Tuesday 22 April 2008

Dr P And The Diary Question

When I started this blog all of six weeks ago, I had some vague idea that it might, amongst other things, provide me with some sort of outlet for all the amassed crap in my life that even my closest drinking buddies have gotten sick of hearing me vomit into their ears (could you actually hear someone literally vomiting into your ear? Or would the sound of the experience be muffled by the chunder now clogging up your aural canal? Why doesn't science stop fucking around with dark matter and investigate something useful?). Since then, I've begun to wonder whether or not this is a particularly good idea. By and large, I dislike the idea that the only difference between a blog and a diary is the medium in which it is stored, and by the number of people who read it (I should probably say who could potentially read it, I'm hardly The Onion or anything). It isn't. Anyone who writes their diary hoping someone else will read it is, I suggest, a tool. It immediately lends itself to warping your recounting of events (by shifts in emphasis, sneaky editing, or downright lying) in order to impress other people. And it won't work. Even if I do find a given person sufficiently fascinating, the most I'll do is read their autobiography (current number of autobiographies read by SpaceSquid: 0). I won't suddenly feel the need to trawl through their endless scribblings about the day the post was late or their wife forgot to get the kind of marmalade they like best. This is not to say that a diary cannot be of historical interest, to those studying the writer. And sure, some people are so talented in their writings that even diary entries (properly edited) can be entertaining or thought provoking.

But those people are famous already. In every case of which I am aware, a particular diary is of arguable interest because the person involved was extraordinarily important, extraordinarily talented, or in the case of Anne Frank, an ordinary person living in an extraordinary time (for all the wrong reasons, of course, and I'll happily concede that by living through what she did she was in at least some sense extraordinary herself). Diaries are supposed to be a record of your life so that you can benefit from it, the prose equivalent of looking at old photo albums and sniggering at your ridiculous hair-styles. There's no point in hoping that if you draw enough pictures in the margin or write enough poems filled with awkward cadence and Gothic imagery you will one day be recognised for who you were. It's just an attempt to feel you are doing something of worth without actually exposing it to outside criticism (which I know something about, believe me).

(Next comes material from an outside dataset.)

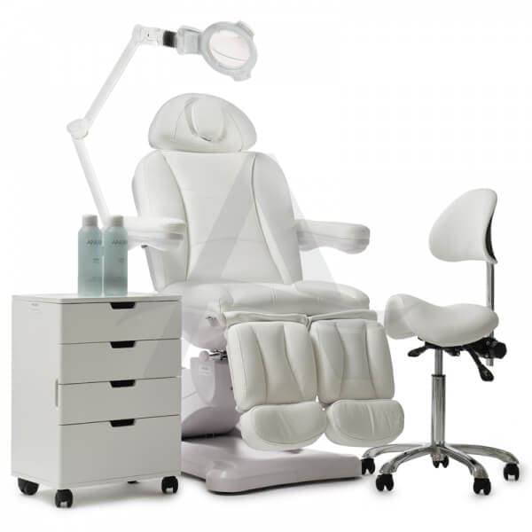 Deze behandelstoel is speciaal ontwikkeld voor de professionele schoonheidsspecialist en pedicure praktijk. De basisprijs is voor de uitvoering in wit. Tegen een meerprijs kun je ook voor een stoel in kleur kiezen.

Blogging, on the other hand, is supposed to be about keeping other people entertained, or interested, or informed. Whether or not I actually manage that is entirely up for debate, but the attempt is there. A strange attempt which mixes jokes with poems with cod-philosophy with political commentary with miscellaneous observation, but an attempt nonetheless. And I think I'd be actively sabotaging that idea if I continue to post up windows into my private life; unless they in themselves seem to be interesting to the non-me members of the blogosphere. In my heart of hearts, I doubt anyone reading about the endless struggle with the mysterious DB (which, on the off-chance someone was wondering, has become less of an issue of late; proof-positive that there is no problem on Earth that cannot be solved by drinking until your brain no longer recalls the basic shapes of the object that has offended you), unless in the process it throws up a hilarious escapade or an insight into the human condition, or something.

Anyway, I mention all this because I'm about to entirely contradict it. The ongoing illness of Dr P is, in all likelihood, of no real interest to anyone reading this. On this one matter, though, I have chosen not to care. She's back in the hospital again and the signs point to her never leaving it again, and it feels like I have to mark that here. I haven't seen her in three months, and only spoken to her once in all that time, since she is now too ill to use a computer. The experimental medicine doesn't seem to have worked, and if there is any other option, Dr F didn't mention it today. It looks like this may finally be it.

Anway, I reserve the right to post up further updates on her condition, because the only reason you don't find this of interest is that you never knew her, which is your loss. Otherwise, take comfort in the sudden reduction of self-indulgent whining, which will be compensated for by an upswing in self-indulgent social commentary and dick jokes.